Reading list

Principal Component Analysis (PCA) is one of the prominent dimensionality reduction techniques. It is valuable when we need to reduce the dimension of the dataset while retaining maximum information.

In this article, we will learn the need for PCA, PCA working, preprocessing steps required before applying PCA, and the interpretation of principal components.

Why do we need PCA?

PCA is not required unless you have a dataset with a large number of attributes. Generally, when we deal with real-world data we encounter a huge messy dataset with a large number of attributes.

If we apply any Machine Learning model on a huge dataset without reducing its dimensions then it would be computationally expensive.

Therefore, to reduce the dimension and to retain maximum information we need PCA as our objective is to deliver accurate ML models with less time and space complexity.

PCA is needed when dataset have large number of attributes. We can avoid PCA for smaller datasets.

Is there any preprocessing step required before applying PCA?

We need to keep the below points in our mind before applying PCA

PCA can not be applied to the dataset with null values. Hence, you need to treat null values before proceeding with PCA. There are different ways of treating null values such as dropping the variables and imputing the missing data using mean or median.

We shouldn’t apply PCA on the dataset having attributes on different scales. We need to standardize variables before applying PCA.

Let us take an example of Facebook Metric data set

This dataset has 19 columns(or dimensions) and we will try to reduce its dimensions using PCA. Below you will find the python code and its output. We have dropped one categorical column for simplicity of analysis.

import pandas as pd
import numpy as np
import matplotlib.pyplot as plt
data = pd.read_csv(r"C:\Users\Himanshu\Downloads\Facebook_metrics\dataset_Facebook.csv",sep = ';')
data.drop(columns = 'Type',inplace = True) ##For simplicity we keep all data as numerical
data.head()

The output of the Facebook metrics dataset

👁 Input data

We will check the statistical summary of our dataset to find the scale of different attributes. Below we can see that every attribute is on a different scale. Therefore, we can not jump to PCA directly without changing the scales of attributes.

Statistical summary of data

👁 Statistical summary of data

We see that column “Post Weekday” has less variance and column “Lifetime Post Total Reach” has comparatively more variance.
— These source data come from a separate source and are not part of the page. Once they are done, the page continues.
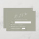 Cette élégante carte de réponse RSVP de mariage moderne comporte un texte blanc sur fond vert sauge. Le titre "RSVP" apparaît dans une belle écriture calligraphique, avec un texte personnalisable ci-dessous en police sans empattement. Le verso est uni vert sauge.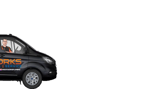 Heatworks Plumbing van sticker showcasing central heating, boiler installation, and plumbing solutions in Surrey & Sussex.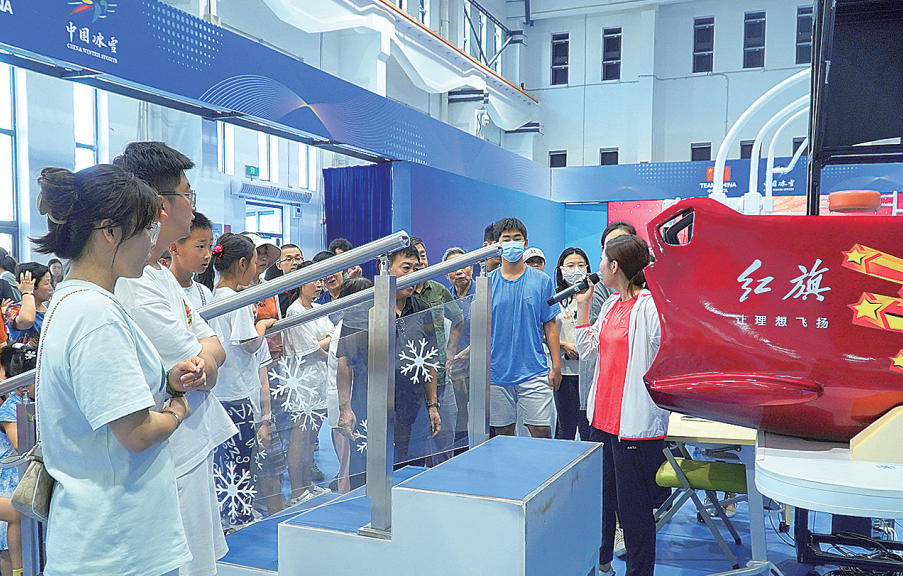 活动现场,职工与家属零距离体会冬奥雪车模拟训练装置带来的震撼,身临其境感受以体育风洞为代表的航天技术赋能体育的魅力。

Therefore, if we apply PCA without standardization of data then more weightage will be given to the “Lifetime Post Total Reach” column during the calculation of “eigenvectors” and “eigenvalues” and we will get biased principal components.

Now we will standardize the dataset using RobustScaler of sklearn library. Other ways of standardizing data are provided in sklearn like StandardScaler and MinMaxScaler and can be chosen as per the requirement.

from sklearn.preprocessing import RobustScaler
rs = RobustScaler()
scaled = pd.DataFrame(rs.fit_transform(data),columns = data.columns)
scaled.head()

Who decides the number of principal components?

Unless specified, the number of principal components will be equal to the number of attributes.

Our dataset has 18 attributes initially hence we get 18 principal components. These components are new variables which are in fact a linear combination of input variables.

Once we get the amount of variance explained by each principal component we can decide how many components we need for our model based on the amount of information we want to retain.

Principal components are uncorrelated with each other. These principal components are known as eigenvectors and the variances explained by each eigenvector is known as eigenvalues.

Below we have applied PCA on the scaled datasets. If we want a predefined number of components then we can do that it using PCA(n_components)

from sklearn.decomposition import PCA
scaled_data = scaled.dropna()
pca = PCA() ## If we need predefined number of components we can set n_components to any integer value
pca.fit_transform(scaled_data)
print(pca.explained_variance_ratio_)

Here the output is the variance explained by each principal component. We have 18 attributes in our dataset and hence we get 18 principal components.

Always remember that the first principal component will always hold maximum variance

You can observe the same in the output that the first principal component holds maximum variance followed by subsequent components.

Interpretation of Principal Component

Now we have 18 principal components and we will try to find out how these components are influenced by each attribute.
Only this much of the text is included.